Pepatah lama mengatakan "Bahkan saudara dekat pun menjaga hitungan yang jelas," dan itu terjadi di dalam raksasa teknologi Samsung. Di tengah gelombang supercycle kenaikan harga DRAM global, hubungan "serumah" antara divisi Samsung mendadak memanas.
Laporan terbaru dari media Korea Selatan, Sedaily, mengungkap Samsung Semiconductor (DS) menolak menandatangani kontrak jangka panjang pemasokan DRAM untuk divisi ponsel Galaxy, yakni Mobile eXperience (MX). Keputusan itu dipicu strategi DS yang kini mengejar profit setinggi langit dari pasar memori berharga premium.
MX di Bawah Tekanan
Pada saat yang sama, divisi MX sedang berjibaku menjaga profit menjelang peluncuran seri flagship Galaxy S26 awal tahun depan. Tanpa kontrak harga jangka panjang, biaya produksi Galaxy dipastikan melambung, memberi tekanan besar pada struktur keuntungan mereka.
Ketika harga DRAM meroket, DS memilih mengamankan pundi-pundi lewat fokus pada produk bernilai tinggi seperti HBM untuk akselerator AI dan LPDDR kelas premium. Di sinilah gesekan internal mulai terbuka lebar.
MX sejatinya meminta kontrak lebih dari satu tahun untuk menjamin stabilitas harga memori. Namun, DS bersikeras hanya mau memberikan kontrak kuartalan selama tiga bulan. Negosiasi intensif bahkan dilakukan langsung oleh jajaran eksekutif MX, tetapi hasil akhirnya tetap: hanya kontrak sampai akhir kuartal empat yang dapat disepakati.
Biaya Material Meroket Dua Kali Lipat
Kenaikan harga memori menjadi momok utama MX. Menurut laporan, harga LPDDR5X 12GB—memori vital yang banyak dipakai seri Galaxy—melonjak hingga sekitar USD 70 (Rp16.600/USD) pada akhir November. Angka ini lebih dari dua kali lipat dari harga awal tahun yang hanya USD 33 (sekitar Rp547.800). Lonjakan dua kali lipat ini otomatis membuat biaya material per unit smartphone naik drastis.
Beban biaya MX makin berat karena harga chip lain juga naik. Pengadaan prosesor mobile (AP), komponen paling mahal dalam smartphone, meningkat tajam dari 8,7 triliun won (sekitar Rp98,57 triliun) menjadi 10,9 triliun won (sekitar Rp123,40 triliun) dalam satu tahun—sebuah pertumbuhan 25,5%. Proporsi pengadaan bahan baku di divisi DX (yang menaungi MX) pun naik dari 16,6% ke 19,1%. (Kurs Rp11,33/Won).

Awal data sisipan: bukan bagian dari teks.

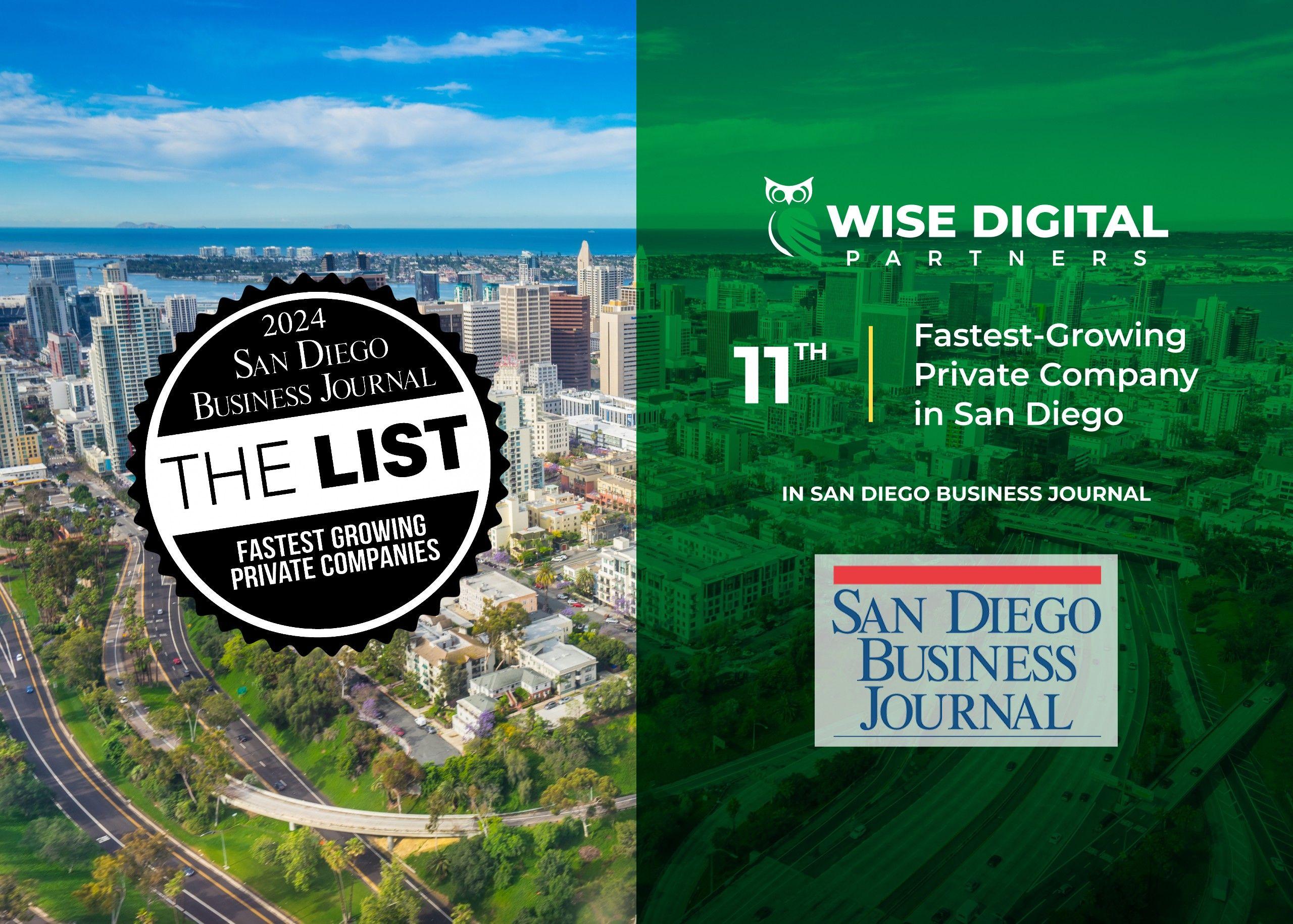 SAN DIEGO, October 31, 2024 — WISE Digital Partners is pleased to announce that it has earned a spot on San Diego Business Journal's 2024 Fastest-Growing Private Companies List, ranking in the top 50% of honorees.

Dalam struktur biaya smartphone, prosesor menyumbang sekitar 20%, sementara memori mencapai 15%. Ketika keduanya kompak naik, analis memperkirakan kontribusi biaya chipset terhadap total ongkos produksi melonjak minimal lima poin persentase. Tak heran internal Samsung disebut sedang “pusing tujuh keliling” menyusun strategi harga Galaxy S26.
Di sisi lain, divisi DS tetap teguh memanfaatkan momentum kenaikan harga memori. Seorang sumber industri menyebut, “Akselerator AI menyerap bukan hanya HBM, tetapi juga LPDDR. DS harus mengatur ulang portofolio produk untuk memaksimalkan profit.” Dengan ledakan permintaan chip pendukung AI, DS memandang periode ini sebagai kesempatan yang terlalu berharga untuk dilewatkan.
Dalam bahasa bisnis, ini adalah momen ketika kepentingan "saudara kandung" tak lagi sejalan. MX ingin stabilitas biaya untuk melindungi margin flagship mereka, sementara DS mengejar keuntungan maksimum dari euforia pasar AI. Di tengah kenaikan biaya yang masif ini, satu hal yang pasti tentunya strategi harga Galaxy S26 dipertaruhkan, dan drama internal di tubuh Samsung tampaknya baru dimulai.